Mukherjee's own rant-like utterances and interruptions that seemed to emit from a trance-like state, risked slipping into inanity but somehow managed to retain intellectual integrity. Most memorable moment being, 'where are you Hughie? The characters have all died and we are still waiting for you to join us at the play!'

Rajkumar Pudasaini was unbelievably intense in his silent, performative gestures as a seeker as well as in his renderings of the poems, which were counterpointed ideally by effervescent Ashant Sharma's spirited delivery of monologues. The poems by Bhupi Sherchan and Buddhisagar were characters in themselves, shedding light on lived reality. Night played beautifully subservient to the text, a welcome change I must say!

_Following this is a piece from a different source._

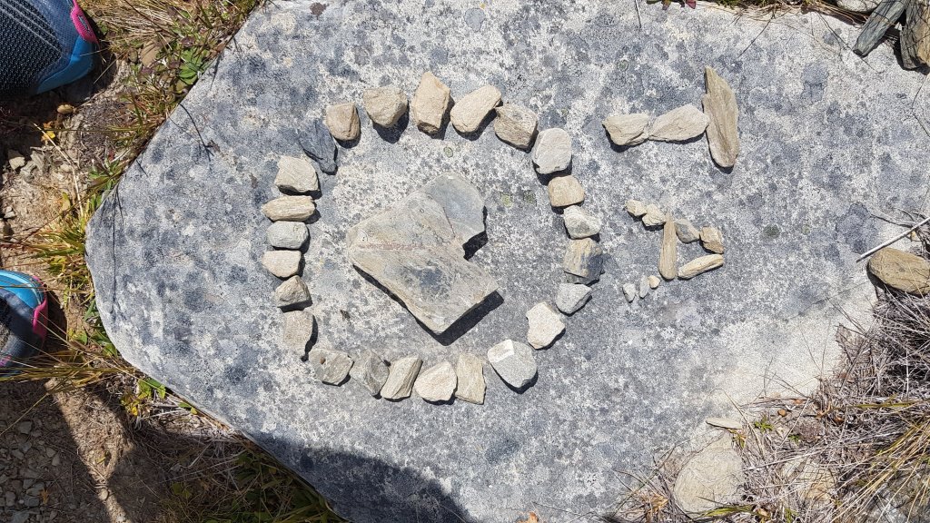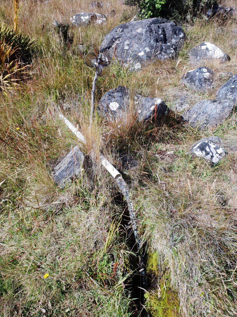 The track climbed through a shady beech forest with plenty of water available in mountain streams along the way. By mid morning we had emerged from the tree line with a few hundred more metres to climb to the top of the saddle. I celebrated the occasion by stopping to drink from a set of glass cups that someone had thoughtfully (and curiously) left on the trail.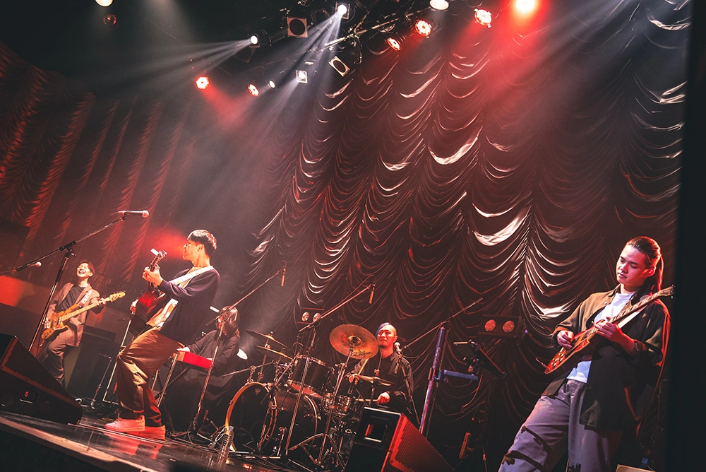 熱いバンドサウンドが二組続いたあと、アコースティックギター弾き語りで一陣の涼風を吹かせたのは、鹿児島からやってきたシンガーソングライター・わかまつごう。ベリーグッドマン「コンパス」を口ずさむ粋なオープニングから、サポートキーボード・仙田葉子と共に奏でるアコースティックな音世界は、フォークソングというより静かなオルタナロックを感じる底深いものだ。田舎から都会を見つめる視線が鋭く突き刺さる「ことはちゃん」「How about seeking Another one」、日々の心に映るよしなしごとを丁寧に綴る「すきにくるいすきにまようまた」「日々の詩」など、言葉と歌の力が痛いほどに迫り来るが、不思議と心地よさを感じる独特の世界観。眼鏡に坊ちゃん刈り、歌は格調高くシリアスだがしゃべりだすとニコニコのギャップも楽しい。こういうアーティストが所属しているからARIGATO MUSICは面白い。

And yes, they both die. We actually encountered the Erie and Charlie's tarpaulin-covered bodies on the way as we straggled out of the enclosure. The much-advertised donation box went missing, as did the comments-register. But we waited patiently for we had been trained well by then, waiting as we were for Hughie.

I heard they had performances later at Theater Village too, where they moved the audience around. I for myself was already too drenched in the Yalamaya Kendra one to tiptoe into another one. What we encountered was O'Neill's Hughie only partially, as a play waiting to happen, and experienced instead the full reality of our time and location through the art performance called Waiting for Hughie.

Thank you One World Theater and Parnab Mukherjee for stretching our horizon of expectations a wee bit more!